Clustering addresses the problem of assigning similar objects to groups. Since the size of the clusters is often constrained in practical clustering applications, various capacitated clustering problems have received increasing attention. We consider here the capacitated p-median problem (CPMP) in which p objects are selected as cluster centers (medians) such that the total distance from these medians to their assigned objects is minimized. Each object is associated with a weight, and the total weight in each cluster must not exceed a given capacity. Numerous exact and heuristic solution approaches have been proposed for the CPMP. The state-of-the-art approach performs well for instances with up to 5,000 objects but becomes computationally expensive for instances with a much larger number of objects. We propose a matheuristic with new problem decomposition strategies that can deal with instances comprising up to 500,000 objects. In a computational experiment, the proposed matheuristic consistently outperformed the state-of-the-art approach on medium- and large-scale instances while having similar performance for small-scale instances.

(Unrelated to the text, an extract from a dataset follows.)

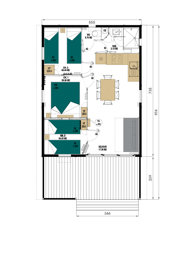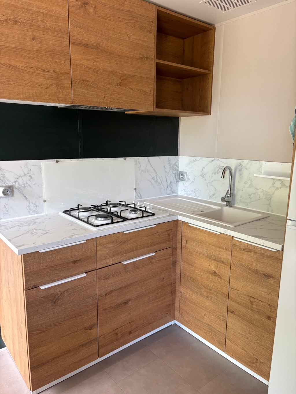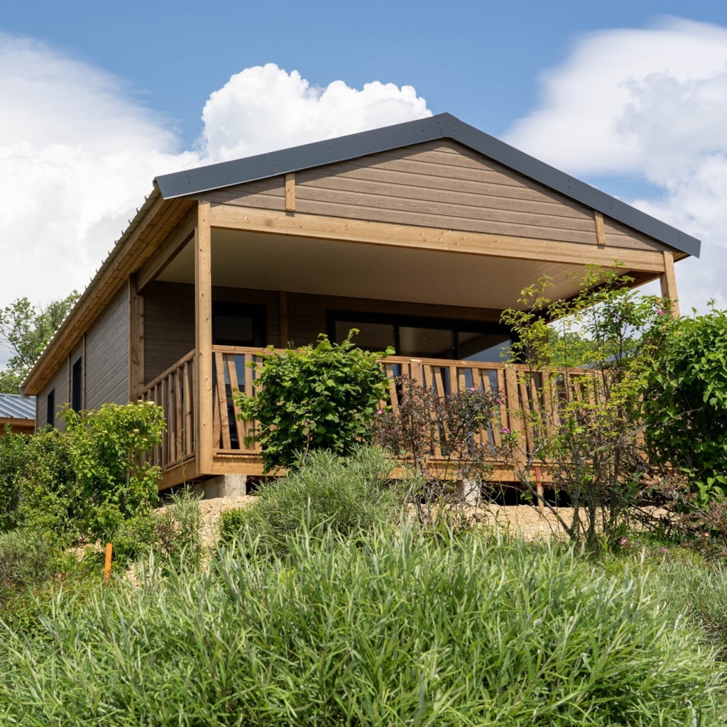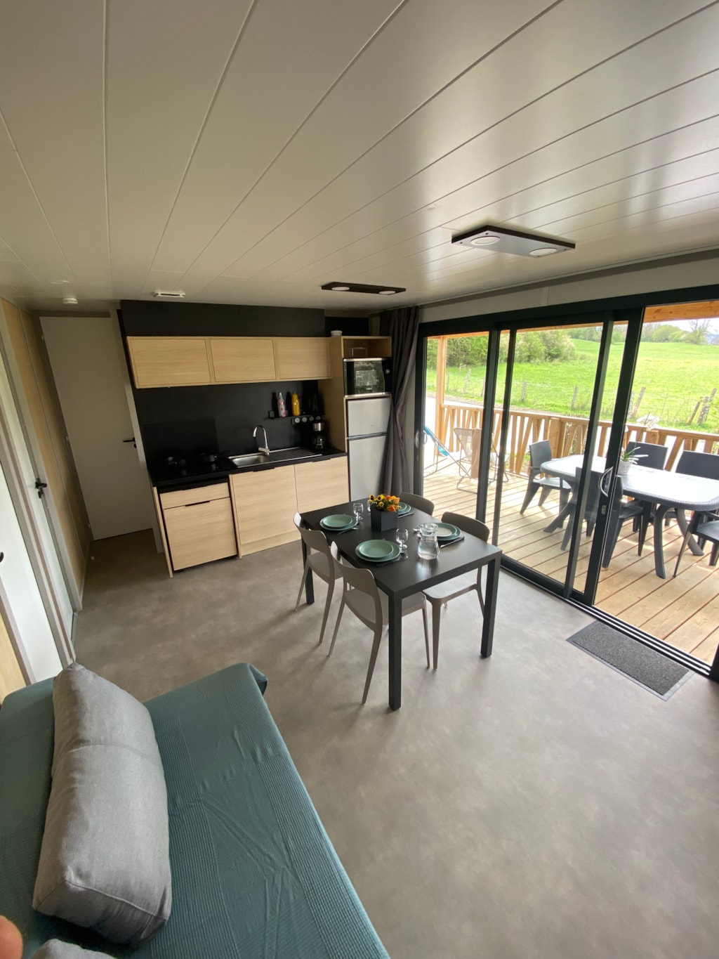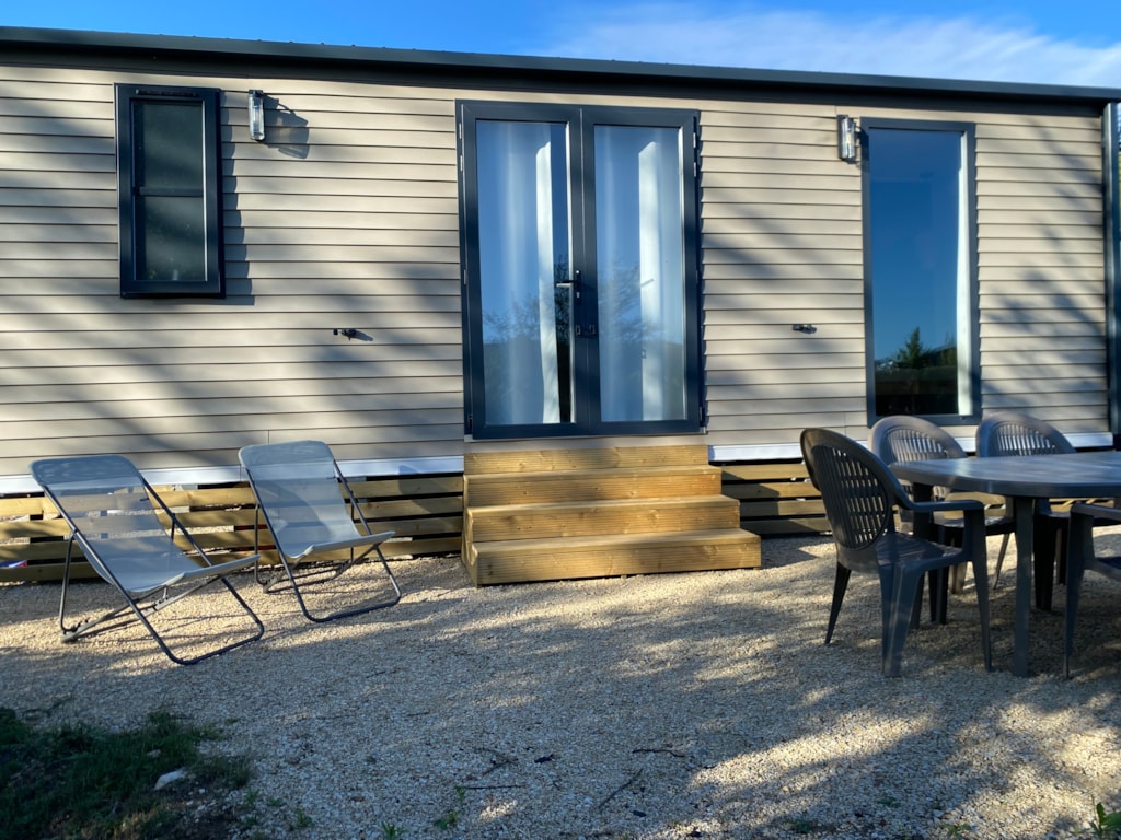 Chalet Tout confort NEUF spacieux 35 m², grande terrasse extérieure.
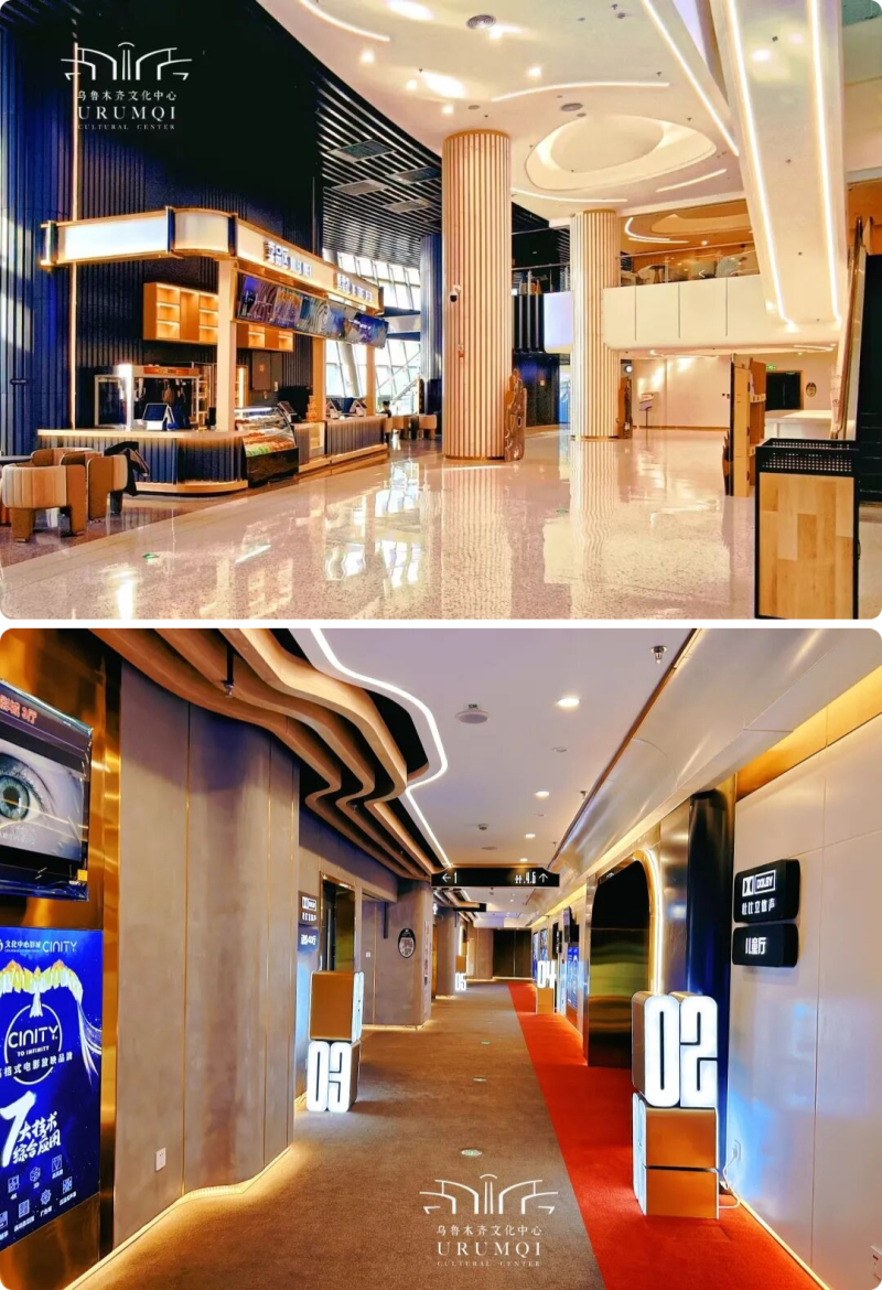 文化中心影城位于乌鲁木齐文化中心文化馆4至5层,是全疆首家双CINITY巨幕影城。影城面积约1.23万平方米,拥有11个专业放映厅,共设有1218个座位。CINITY融合七大最新技术,以其卓越的画质和音效,使观影体验达到新高度,开启崭新影像世界。

As an extension, we show that our matheuristic can be applied to related capacitated clustering problems, such as the capacitated centered clustering problem (CCCP). For several test instances of the CCCP, our matheuristic found new best-known solutions.

Highlights

  • Clustering is the task of assigning similar objects to groups, where the similarity between a pair of objects is determined by a distance measure based on features of the objects

  • We show that our matheuristic can be applied to related capacitated clustering problems, such as the capacitated centered clustering problem (CCCP)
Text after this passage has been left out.